Records excerpted from a collection:
^^^^^^^^

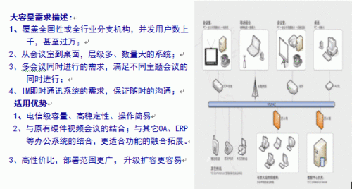 太平洋保險(xiǎn)集團(tuán)下根據(jù)業(yè)務(wù)模式劃分為產(chǎn)險(xiǎn)、壽險(xiǎn)2個(gè)公司,每個(gè)公司在全國各省都有分公司,目前集團(tuán)公司管理著主服務(wù)器,每個(gè)分公司都有自己的從服務(wù)器,總計(jì)60余臺(tái)從服務(wù)器,應(yīng)用的交互點(diǎn)數(shù)1000點(diǎn),旁聽點(diǎn)數(shù)300點(diǎn)。保險(xiǎn)行業(yè)銷售人員流動(dòng)快、各種培訓(xùn)頻繁、新險(xiǎn)種推出層出不窮,其中省分公司、眾多支公司與銷售網(wǎng)點(diǎn)人員的即時(shí)音視頻交流是重中之重,為了滿足客戶要求系統(tǒng)平臺(tái)支持大容量會(huì)議人數(shù)、多會(huì)議同時(shí)召開以及流暢的音視頻交換的要求,國際視訊知名廠商北京威速科技有限公司專門為大企業(yè)級(jí)用戶開發(fā)出了高性能大容量的視頻會(huì)議產(chǎn)品。這種更適用組織機(jī)構(gòu)龐大、更穩(wěn)定的純軟件網(wǎng)絡(luò)視頻會(huì)議平臺(tái),是迄今為止業(yè)內(nèi)唯一勝任單會(huì)議室同時(shí)容納千人以上用戶開會(huì),并支持無限量會(huì)議室,并且通過級(jí)聯(lián)技術(shù)可以同時(shí)支持幾千路音視頻交互并發(fā),同時(shí)實(shí)現(xiàn)一個(gè)集視頻交互、音頻交互、屏幕廣播、遠(yuǎn)程控制、文字交流、電子白板、文檔共享、文件傳輸?shù)榷囗?xiàng)功能于一體的綜合多媒體遠(yuǎn)程會(huì)議平臺(tái)。自V2 conference應(yīng)用以來,承擔(dān)了公司絕大部分遠(yuǎn)程交流任務(wù),太平洋保險(xiǎn)集團(tuán)已把視頻會(huì)議交流當(dāng)作工作的一部分,成為工作之必須的習(xí)慣。極大地提高了企業(yè)運(yùn)作效率、降低了成本,而這些正是金融保險(xiǎn)機(jī)構(gòu)的制勝之道。
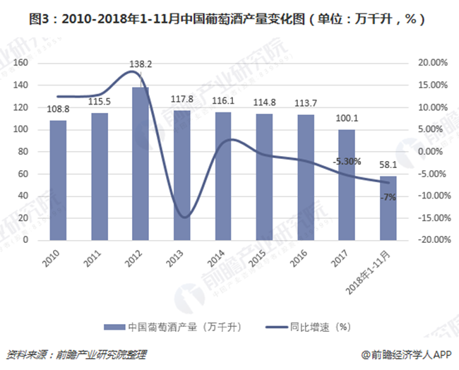 我國葡萄酒產(chǎn)量從2012年達到138.2萬千升的歷史高峰開始,一直在緩慢連續(xù)滑坡。根據(jù)國家統(tǒng)計局數(shù)據(jù),2017年,全國葡萄酒產(chǎn)量100.1萬千升,累計下降5.3%;2018年1-11月,全國葡萄酒產(chǎn)量達58.1萬千升,累計下滑7%,若要趕超上年產(chǎn)量,12月的產(chǎn)量至少要達到42萬千升,而此數(shù)字比2018年前8個月的產(chǎn)量之和還多。結(jié)合目前數(shù)據(jù)看來,2018年國產(chǎn)葡萄酒產(chǎn)量大幅下滑已成定勢。
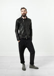 Made for the long ride, Giorgio Brato’s jackets encapsulate the brilliance of leather. This Distressed Motorcycle Jacket is perfect for those seeking adventure, and garments made to keep up. Zip closure at center front. Angled pockets at front. Fully lined. Color Black. 100% Leather, Sleeve Lining 100% Cotton, Body Lining 100% Linen. Made in Italy.
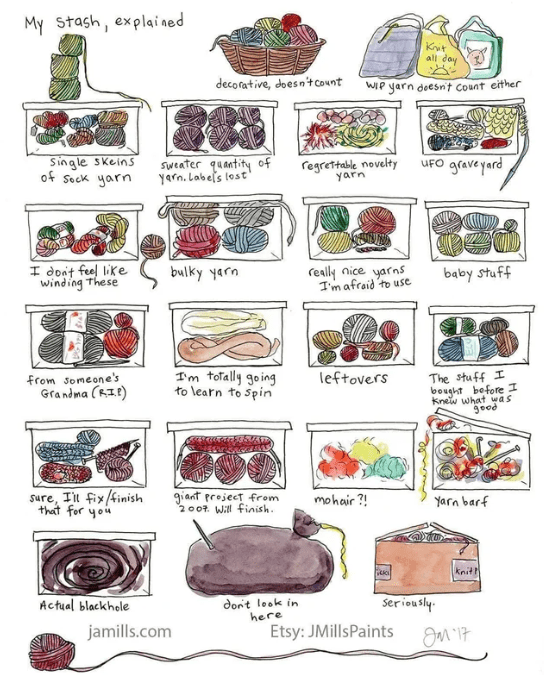 For our February meeting, we’ll be discussing stash management! We’ll be sharing tips from the experts, as well as sharing our own stash do’s and don’t’s.
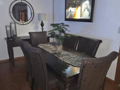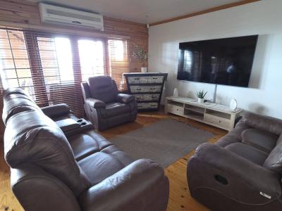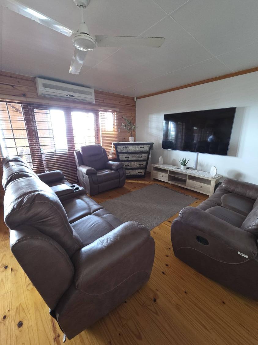 The open-plan lounge and dining area is designed for comfort, featuring cozy seating, a spacious dining table, and a 75-inch Smart TV with free fibre Wi-Fi—perfect for relaxing after a day at the beach.
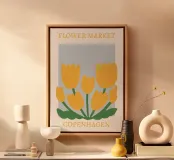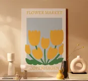 Holen Sie sich den charmanten Geist des Kopenhagener "Blumenmarktes" mit diesem reizvollen Kunstdruck in Ihr Zuhause. Mit einer Gruppe stilisierter gelber Tulpen mit grünen Blättern vor einem sanften blauen Hintergrund verkörpert dieses Poster eine frische und moderne botanische Ästhetik. Die fröhliche Farbpalette und das minimalistische Design schaffen eine erbauliche und einladende Atmosphäre. Dieses hochwertige Digitalposter wurde mit einer Auflösung von 7000x5000 Pixeln und 300 dpi erstellt, um eine außergewöhnliche Klarheit und lebendige Details zu gewährleisten, die ein Erlebnis in Galeriequalität garantieren. Verbessern Sie Ihre Einrichtung mit diesem exquisiten und hochwertigen Poster.
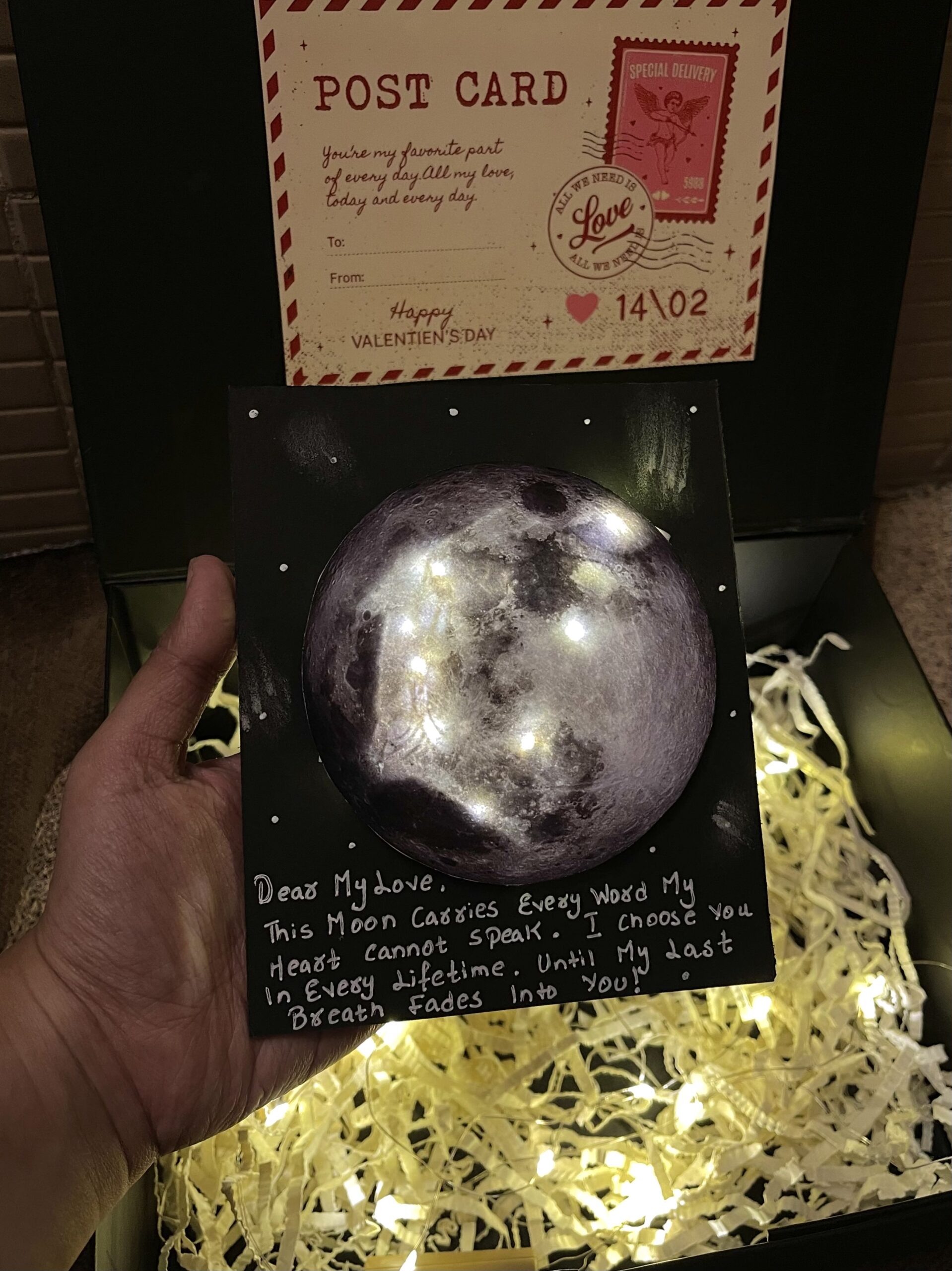 You can’t bring the moon down, but we’ve got something close. Our Small Moon Card lights up!
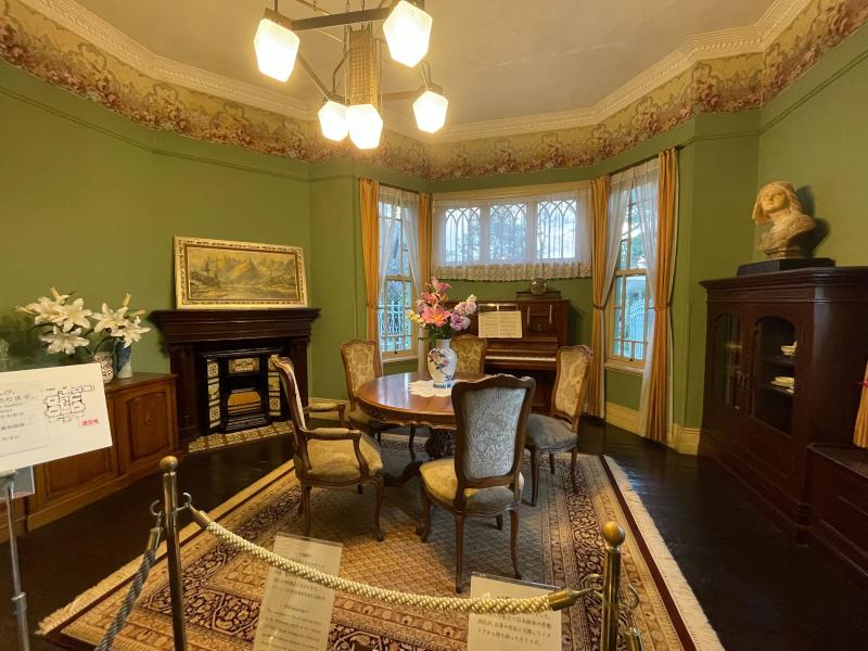 1903年にアメリカ総領事ハンター・シャープ氏の邸宅として建築された。1944年に元神戸電鉄社長の住宅となり、1980年に重要文化財に指定された。1987年からの修理で下見板張りの外壁は建設当時の淡いグリーン色に復元され、「萌黄の館」と呼ばれるようになる。1995年の阪神淡路大震災では大きな被害を受けたが、約1年半をかけて改修された。
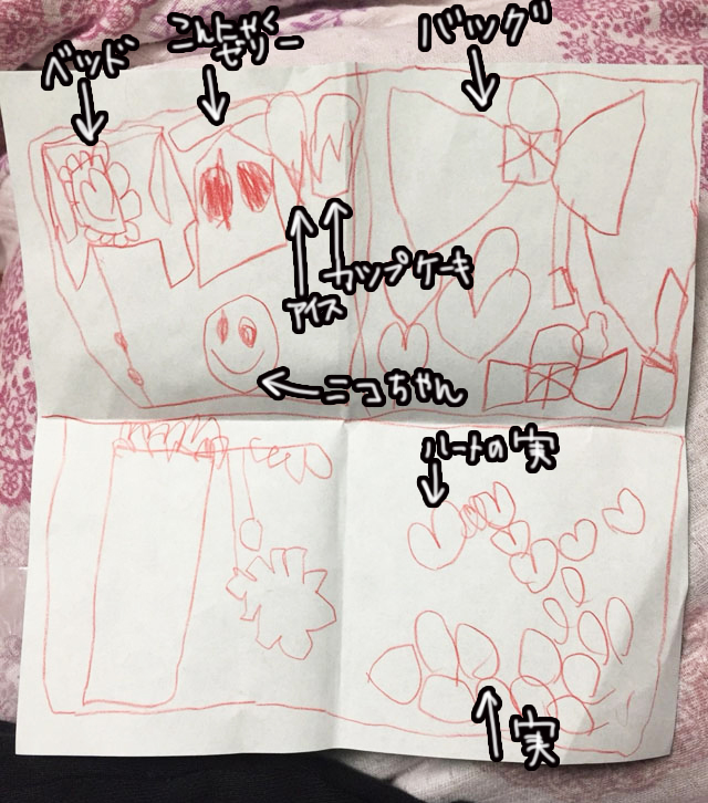 おりがみの裏にもいろいろ描いてくれた
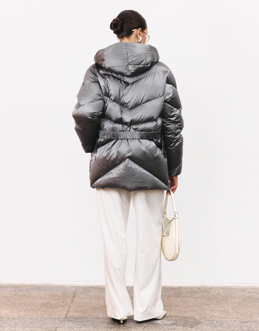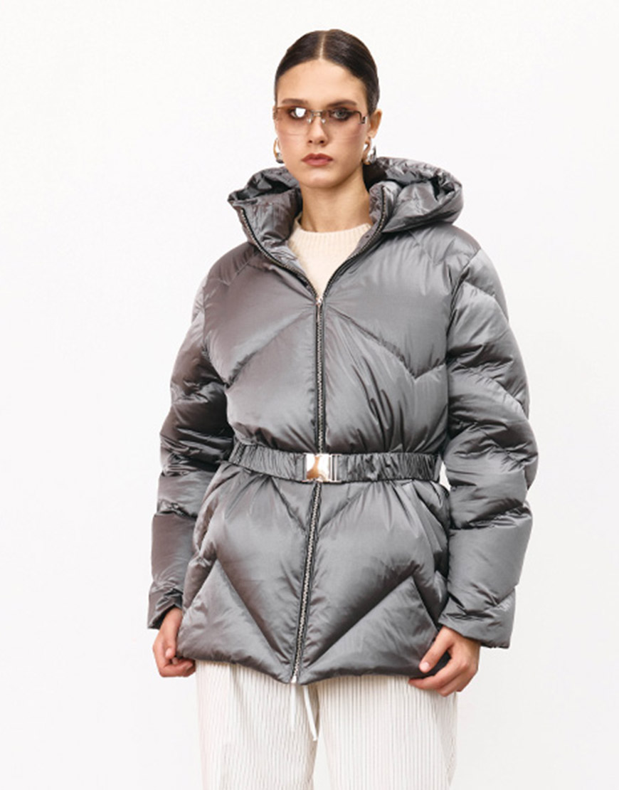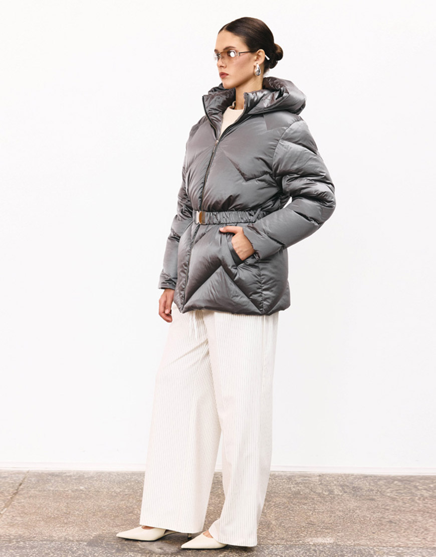 Доставка впродовж 2-7 робочих днівЖіночий пуховик середнього об’єму з капюшоном і паском. Модель Leia входить до лінійки базових пуховиків Marchi. Фігурне стьобання формує силует «пісочний годинник», а еластичний пасок зі сріблястою пряжкою підкреслює талію. Пуховик створений для жінок із впевненим, позачасовим смаком.
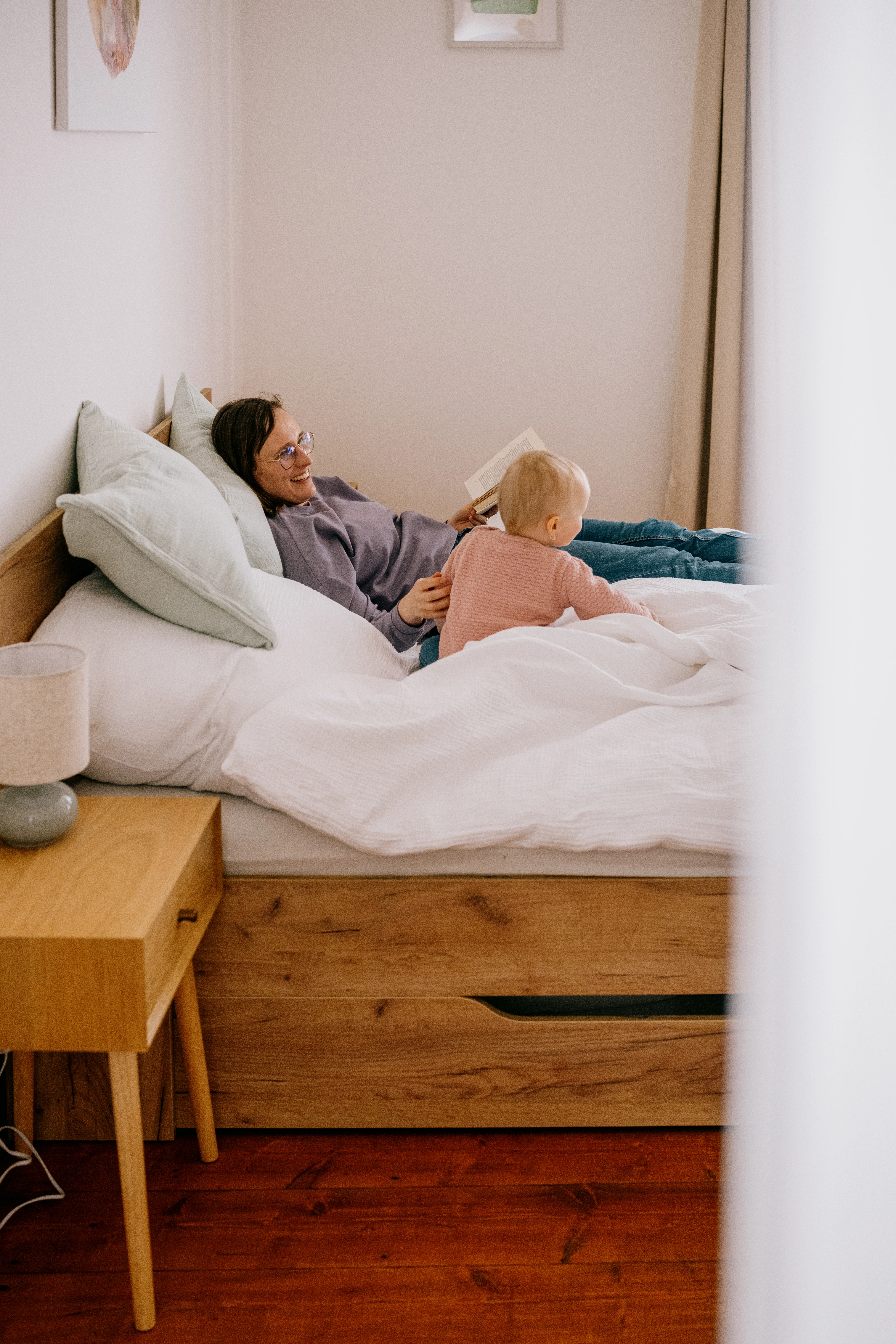 Ložnice 2 disponuje manželskou postelí a rozkládacím gaučem pro přistýlku a má přístup na verandu. Veranda slouží jako relaxační koutek v zeleni, zve vás do světa Malého Prince díky animovaným obrazům od Elišky Podzimkové. Do futer na verandu lze na vyžádání zavěsit hojdavak pro miminko.
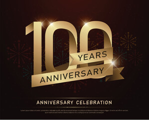 100th years anniversary celebration gold number and golden ribbons with fireworks on dark background. vector illustration

^^^^^^^^

• _Exercise_
Restate every line of the data above word for word, with the images removed.

• _Task output_
 太平洋保險(xiǎn)集團(tuán)下根據(jù)業(yè)務(wù)模式劃分為產(chǎn)險(xiǎn)、壽險(xiǎn)2個(gè)公司,每個(gè)公司在全國各省都有分公司,目前集團(tuán)公司管理著主服務(wù)器,每個(gè)分公司都有自己的從服務(wù)器,總計(jì)60余臺(tái)從服務(wù)器,應(yīng)用的交互點(diǎn)數(shù)1000點(diǎn),旁聽點(diǎn)數(shù)300點(diǎn)。保險(xiǎn)行業(yè)銷售人員流動(dòng)快、各種培訓(xùn)頻繁、新險(xiǎn)種推出層出不窮,其中省分公司、眾多支公司與銷售網(wǎng)點(diǎn)人員的即時(shí)音視頻交流是重中之重,為了滿足客戶要求系統(tǒng)平臺(tái)支持大容量會(huì)議人數(shù)、多會(huì)議同時(shí)召開以及流暢的音視頻交換的要求,國際視訊知名廠商北京威速科技有限公司專門為大企業(yè)級(jí)用戶開發(fā)出了高性能大容量的視頻會(huì)議產(chǎn)品。這種更適用組織機(jī)構(gòu)龐大、更穩(wěn)定的純軟件網(wǎng)絡(luò)視頻會(huì)議平臺(tái),是迄今為止業(yè)內(nèi)唯一勝任單會(huì)議室同時(shí)容納千人以上用戶開會(huì),并支持無限量會(huì)議室,并且通過級(jí)聯(lián)技術(shù)可以同時(shí)支持幾千路音視頻交互并發(fā),同時(shí)實(shí)現(xiàn)一個(gè)集視頻交互、音頻交互、屏幕廣播、遠(yuǎn)程控制、文字交流、電子白板、文檔共享、文件傳輸?shù)榷囗?xiàng)功能于一體的綜合多媒體遠(yuǎn)程會(huì)議平臺(tái)。自V2 conference應(yīng)用以來,承擔(dān)了公司絕大部分遠(yuǎn)程交流任務(wù),太平洋保險(xiǎn)集團(tuán)已把視頻會(huì)議交流當(dāng)作工作的一部分,成為工作之必須的習(xí)慣。極大地提高了企業(yè)運(yùn)作效率、降低了成本,而這些正是金融保險(xiǎn)機(jī)構(gòu)的制勝之道。
 我國葡萄酒產(chǎn)量從2012年達到138.2萬千升的歷史高峰開始,一直在緩慢連續(xù)滑坡。根據(jù)國家統(tǒng)計局數(shù)據(jù),2017年,全國葡萄酒產(chǎn)量100.1萬千升,累計下降5.3%;2018年1-11月,全國葡萄酒產(chǎn)量達58.1萬千升,累計下滑7%,若要趕超上年產(chǎn)量,12月的產(chǎn)量至少要達到42萬千升,而此數(shù)字比2018年前8個月的產(chǎn)量之和還多。結(jié)合目前數(shù)據(jù)看來,2018年國產(chǎn)葡萄酒產(chǎn)量大幅下滑已成定勢。
 Made for the long ride, Giorgio Brato’s jackets encapsulate the brilliance of leather. This Distressed Motorcycle Jacket is perfect for those seeking adventure, and garments made to keep up. Zip closure at center front. Angled pockets at front. Fully lined. Color Black. 100% Leather, Sleeve Lining 100% Cotton, Body Lining 100% Linen. Made in Italy.
 For our February meeting, we’ll be discussing stash management! We’ll be sharing tips from the experts, as well as sharing our own stash do’s and don’t’s.
 The open-plan lounge and dining area is designed for comfort, featuring cozy seating, a spacious dining table, and a 75-inch Smart TV with free fibre Wi-Fi—perfect for relaxing after a day at the beach.
 Holen Sie sich den charmanten Geist des Kopenhagener "Blumenmarktes" mit diesem reizvollen Kunstdruck in Ihr Zuhause. Mit einer Gruppe stilisierter gelber Tulpen mit grünen Blättern vor einem sanften blauen Hintergrund verkörpert dieses Poster eine frische und moderne botanische Ästhetik. Die fröhliche Farbpalette und das minimalistische Design schaffen eine erbauliche und einladende Atmosphäre. Dieses hochwertige Digitalposter wurde mit einer Auflösung von 7000x5000 Pixeln und 300 dpi erstellt, um eine außergewöhnliche Klarheit und lebendige Details zu gewährleisten, die ein Erlebnis in Galeriequalität garantieren. Verbessern Sie Ihre Einrichtung mit diesem exquisiten und hochwertigen Poster.
 You can’t bring the moon down, but we’ve got something close. Our Small Moon Card lights up!
 1903年にアメリカ総領事ハンター・シャープ氏の邸宅として建築された。1944年に元神戸電鉄社長の住宅となり、1980年に重要文化財に指定された。1987年からの修理で下見板張りの外壁は建設当時の淡いグリーン色に復元され、「萌黄の館」と呼ばれるようになる。1995年の阪神淡路大震災では大きな被害を受けたが、約1年半をかけて改修された。
 おりがみの裏にもいろいろ描いてくれた
 Доставка впродовж 2-7 робочих днівЖіночий пуховик середнього об’єму з капюшоном і паском. Модель Leia входить до лінійки базових пуховиків Marchi. Фігурне стьобання формує силует «пісочний годинник», а еластичний пасок зі сріблястою пряжкою підкреслює талію. Пуховик створений для жінок із впевненим, позачасовим смаком.
 Ložnice 2 disponuje manželskou postelí a rozkládacím gaučem pro přistýlku a má přístup na verandu. Veranda slouží jako relaxační koutek v zeleni, zve vás do světa Malého Prince díky animovaným obrazům od Elišky Podzimkové. Do futer na verandu lze na vyžádání zavěsit hojdavak pro miminko.
 100th years anniversary celebration gold number and golden ribbons with fireworks on dark background. vector illustration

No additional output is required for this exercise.